• _About this task_
Every line of the data should be written out exactly, with the pictures left out.

• _Records provided_

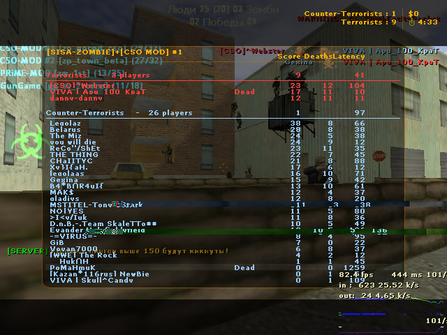Сразу же хочу сказать, что на наших серверах нет лагов (вы можете легко в этом убедиться, набрав в консоли своего CS клиента команду net_graph 1 ) и мне порой бывает обидно, когда заходит какой-нибудь сельский нуб с таким же сельским интернетом и начинает всем втирать про свои лаги. Ваши лаги - это ваша проблема и она должна волновать только вас.
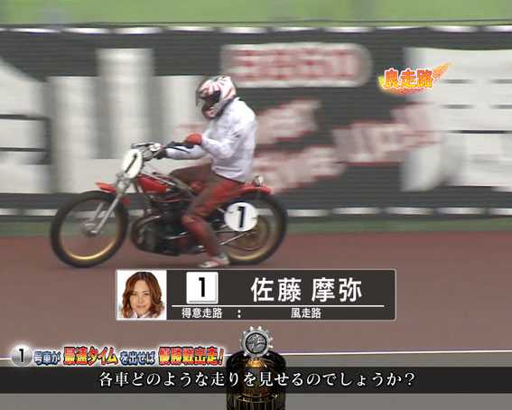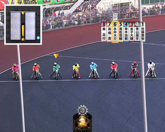 ・出走表 (1号車が女性・バッシーポイント) ・ハンデあり ・導光板(赤) ・ゴール前(競り合い人数が少ない) ・カットイン(赤・ピンク) |
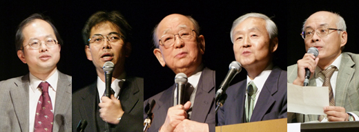 左起:进行演讲的病毒研究所景山龙一郎教授、基础物理学研究所田中贵浩教授、北海道大学铃木名誉教授、核反应堆研究所小野公二教授、灵长类研究所高井正成教授 |
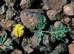 This plant is restricted to scabland habitat with exposed bedrock. Other plants in the area include scabland sagebrush (Artemisia rigida), pine bluegrass (Poa secunda), rock onion (Allium macrum), bitterroot (Lewisia rediviva), Henderson's needlegrass (Achnatherum hendersonii), and wormleaf stonecrop (Sedum stenopetalum). Lomatium species are common.[1]
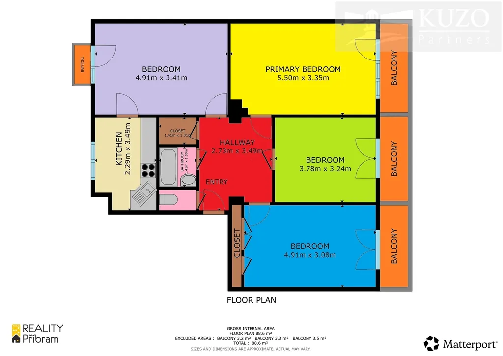 • Dispozice a Prostor: Praktický a velmi žádaný byt 4+1 (3 ložnice, obývací pokoj a samostatná kuchyně). Výměra dle katastru činí 85,5 m². Všechny prostory si můžete detailně prohlédnout v moderní 3D vizualizaci (Matterport, který uvadí plochu 88,6m2).
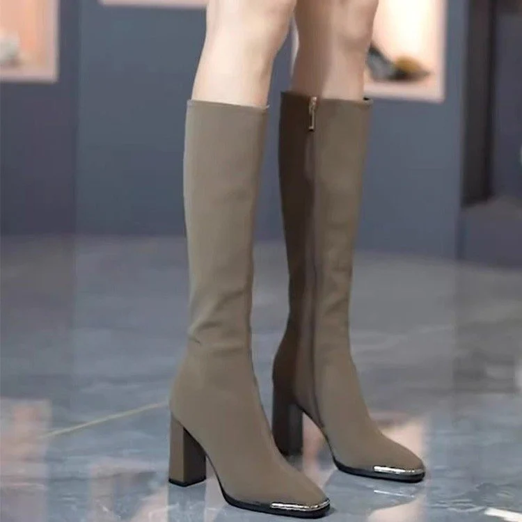 High-Heeled High-Top Fashion Boots Women's Autumn and Winter New Korean Style Temperament Women's Side Zipper Boots in Stock Wholesale
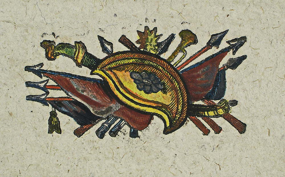 Віньєтка «глечик із гроном винограду» [у]: Collectio variorum orationum… – [Luceoriae]: Typis typographiae Luceoriensis Privilegiatae, 1797, титульний аркуш.

• _Solved problem_
Сразу же хочу сказать, что на наших серверах нет лагов (вы можете легко в этом убедиться, набрав в консоли своего CS клиента команду net_graph 1 ) и мне порой бывает обидно, когда заходит какой-нибудь сельский нуб с таким же сельским интернетом и начинает всем втирать про свои лаги. Ваши лаги - это ваша проблема и она должна волновать только вас.
 ・出走表 (1号車が女性・バッシーポイント) ・ハンデあり ・導光板(赤) ・ゴール前(競り合い人数が少ない) ・カットイン(赤・ピンク) |
 左起:进行演讲的病毒研究所景山龙一郎教授、基础物理学研究所田中贵浩教授、北海道大学铃木名誉教授、核反应堆研究所小野公二教授、灵长类研究所高井正成教授 |
 This plant is restricted to scabland habitat with exposed bedrock. Other plants in the area include scabland sagebrush (Artemisia rigida), pine bluegrass (Poa secunda), rock onion (Allium macrum), bitterroot (Lewisia rediviva), Henderson's needlegrass (Achnatherum hendersonii), and wormleaf stonecrop (Sedum stenopetalum). Lomatium species are common.[1]
 • Dispozice a Prostor: Praktický a velmi žádaný byt 4+1 (3 ložnice, obývací pokoj a samostatná kuchyně). Výměra dle katastru činí 85,5 m². Všechny prostory si můžete detailně prohlédnout v moderní 3D vizualizaci (Matterport, který uvadí plochu 88,6m2).
 High-Heeled High-Top Fashion Boots Women's Autumn and Winter New Korean Style Temperament Women's Side Zipper Boots in Stock Wholesale
 Віньєтка «глечик із гроном винограду» [у]: Collectio variorum orationum… – [Luceoriae]: Typis typographiae Luceoriensis Privilegiatae, 1797, титульний аркуш.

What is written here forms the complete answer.